Edited by G_j on Mon Sep-26-05 12:00 PM
http://www.nytimes.com/2005/09/26/national/nationa...September 26, 2005
Many Contracts for Storm Work Raise Questions
By ERIC LIPTON and RON NIXON
WASHINGTON, Sept. 25 - Topping the federal government's list of costs related to Hurricane Katrina is the $568 million in contracts for debris removal landed by a Florida company with ties to Mississippi's Republican governor. Near the bottom is an $89.95 bill for a pair of brown steel-toe shoes bought by an Environmental Protection Agency worker in Baton Rouge, La.
The first detailed tally of commitments from federal agencies since Hurricane Katrina hit the Gulf Coast four weeks ago shows that more than 15 contracts exceed $100 million, including 5 of $500 million or more. Most of those were for clearing away the trees, homes and cars strewn across the region; purchasing trailers and mobile homes; or providing trucks, ships, buses and planes.
More than 80 percent of the $1.5 billion in contracts signed by the Federal Emergency Management Agency alone were awarded without bidding or with limited competition, government records show, provoking concerns among auditors and government officials about the potential for favoritism or abuse.

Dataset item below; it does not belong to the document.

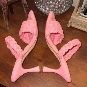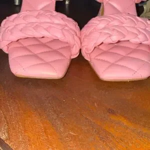 Step out in style with these chic pink braided sandals. Perfect for any occasion, these shoes offer both comfort and elegance. Vibrant pink size 8.5 in great condition.

Already, questions have been raised about the political connections of two major contractors - the Shaw Group and Kellogg, Brown & Root, a subsidiary of Halliburton - that have been represented by the lobbyist Joe M. Allbaugh, President Bush's former campaign manager and a former leader of FEMA.
"When you do something like this, you do increase the vulnerability for fraud, plain waste, abuse and mismanagement," said Richard L. Skinner, the inspector general for the Department of Homeland Security, who said 60 members of his staff were examining Hurricane Katrina contracts. "We are very apprehensive about what we are seeing."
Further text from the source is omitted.